Apa aku meninggalkannya dirumah ya? Tanyanya dalam hati.


"Kau tidak membawa handphone-mu?" tanya Lion.


Belum sempat Melody menjawab, handphone Lion berbunyi.


"Ini Ato, pasti menanyakanmu. Ya ampun kenapa mereka meneleponku memangnya aku ini panggilan darurat yang di telepon pertama kali saat keadaan darurat." gumam Lion.


"Tenang saja, aku bersamanya, kau tidak perlu..." perkataan Lion terhenti saat menjawab telepon itu, lalu memperhatikan layar handphone-nya, "Baterainya habis." ucap Lion.


Melody membuang napas sambil memandang hujan yang jatuh tepat di hadapannya.


"Kenapa kau selalu membuang napas seperti itu?" ujar Lion. "Tenang saja, hujan ini tidak akan lama, sebentar juga berhenti. Kita tunggu saja."


"Dimana motormu?" tanya Melody tanpa menoleh pada Lion.


"Megan ya? Dia sedang masuk rumah sakit saat ini." jawab Lion. "Aku jadi merindukannya." lanjut Lion.

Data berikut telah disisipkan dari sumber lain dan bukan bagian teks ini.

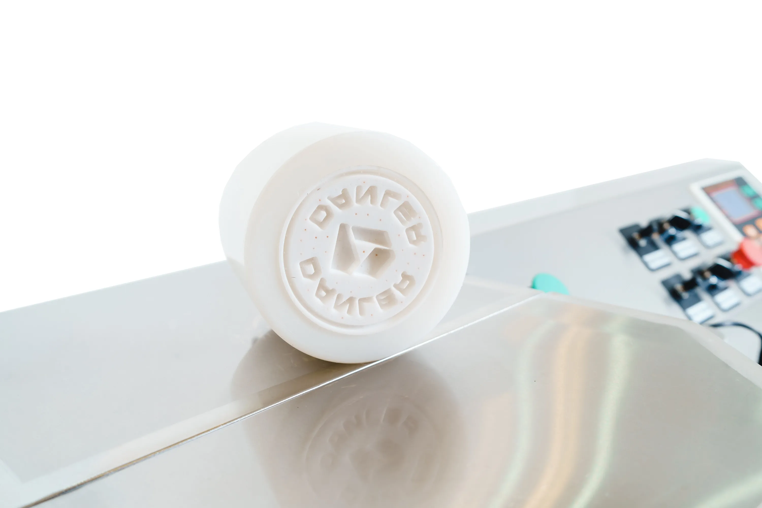 Штамповочно-формовочная машина посредством штамповки наносит внешний рельефный декор (рисунок, надпись и т.д.) и придает заготовке нужную форму (круглую, прямоугольную, в форме сердечка и т.д.).

Melody tidak bertanya lagi dan hanya diam sambil memandang hujan begitu juga dengan Lion. Mereka berdiri bersebelahan tanpa berkata apapun setelah itu.


Dalam benak Melody masih dipenuhi pertanyaan tentang apa yang terjadi dengan Lion dan Sandra, namun gadis itu tidak berani menanyakannya langsung.


Hanya suara rintik hujan yang terdengar.